MuZero (DeepMind, 2020) takes model-based RL to the extreme: it learns a model of the environment without ever predicting observations. It only learns what’s needed for planning.

Three learned components:

  1. Representation: observation → hidden state
  2. Dynamics: hidden state + action → next hidden state + reward
  3. Prediction: hidden state → policy + value (for MCTS planning)

MuZero achieved superhuman performance on Atari and board games (Go, chess, shogi) without knowing the rules of any game.

When model-based wins

  1. Expensive real interactions: each real-world trial with a drone costs time, energy, and risk of crash. A world model lets you do 1000 simulated trials per real trial.
  2. Safety-critical domains: military sim, medical robotics.

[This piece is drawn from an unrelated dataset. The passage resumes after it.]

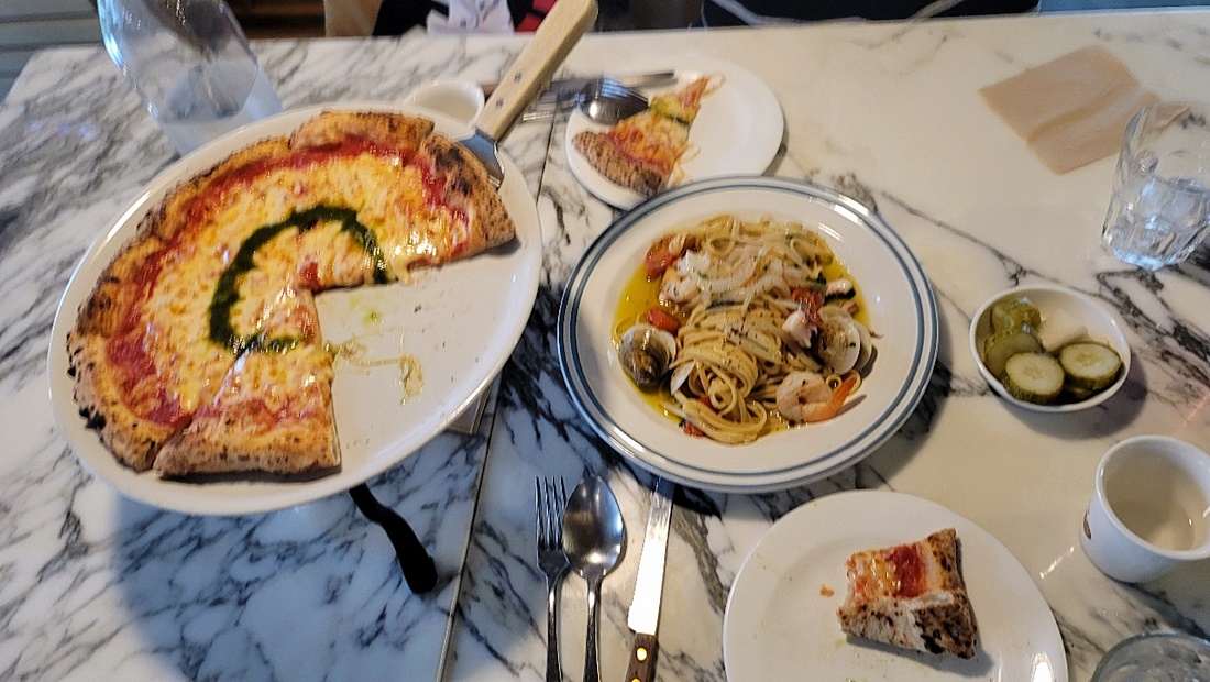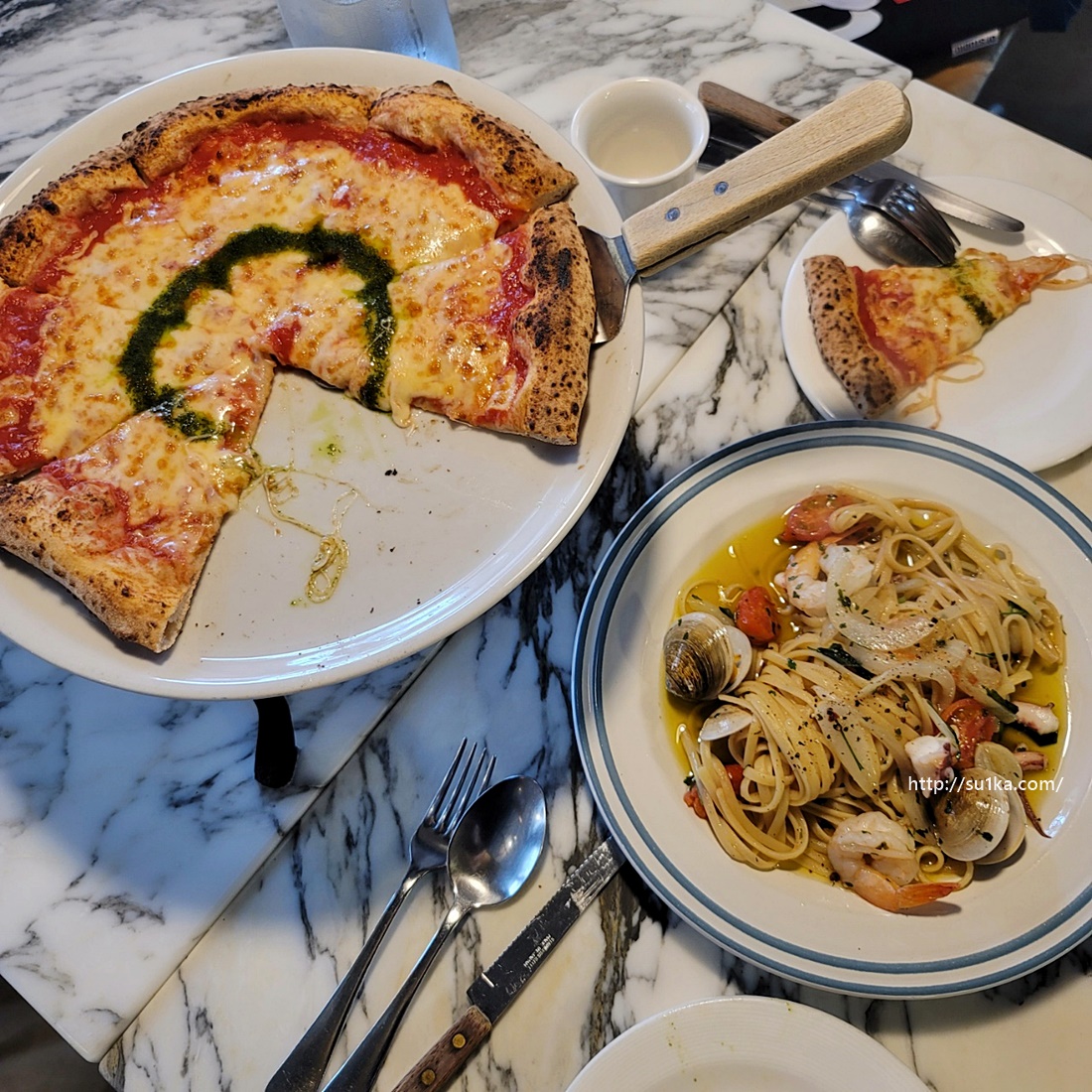 마르게리따 피자와, 해산물 오일 파스타를 주문해 보았습니다.

Can’t explore dangerous actions in the real world.
  3. Known structure: if the physics are well-understood (e.g., rigid body dynamics), the model is accurate and model-based planning is very effective.

When model-based fails

  1. Model errors compound: small prediction errors at each step accumulate over long rollouts. After 50 imagined steps, the model may be in a completely unrealistic state.
  2. Model exploitation: the policy finds inputs that exploit model inaccuracies (get high predicted reward for states that don’t exist in reality). This is the model-based equivalent of reward hacking.
  3. Complex environments: environments with many interacting objects, flexible materials, or chaotic dynamics are hard to model accurately.

Mitigation: use ensembles of models (epistemic uncertainty), limit imagined rollout length, periodically retrain the model with fresh data.

Connection to autonomous systems

The sim-to-real problem is fundamentally about model accuracy. See Tutorial - Sim-to-Real Transfer for practical approaches.

  • Drone navigation: train in simulation (Gazebo, AirSim), transfer to real drone. The simulator IS the world model.
  • Model Predictive Control (MPC): explicitly use a dynamics model to plan optimal actions over a short horizon. Used in robotics and autonomous vehicles.

Self-test questions

  1. Why is model-based RL more sample-efficient than model-free RL?
  2. What is the Dyna architecture, and how does it combine real and simulated experience?
  3. Why does Dreamer learn dynamics in latent space instead of observation space?
  4. What is model exploitation, and how is it analogous to reward hacking?
  5. When would you choose model-free over model-based RL?

Exercises

  1. Dyna-Q comparison: Run the Dyna-Q experiment above with 0, 5, 20, 50 planning steps. Plot learning curves. How much does planning help?
  2. Neural world model: Train the WorldModel class on CartPole transitions. Collect 10k real transitions, train the model, then generate 10k synthetic transitions. Compare the synthetic data distribution with real data.
  3. Plan with learned model: Use the trained world model to do simple planning: for each state, evaluate all possible actions by predicting the next state and reward. Choose the action with highest predicted value. Does this beat random?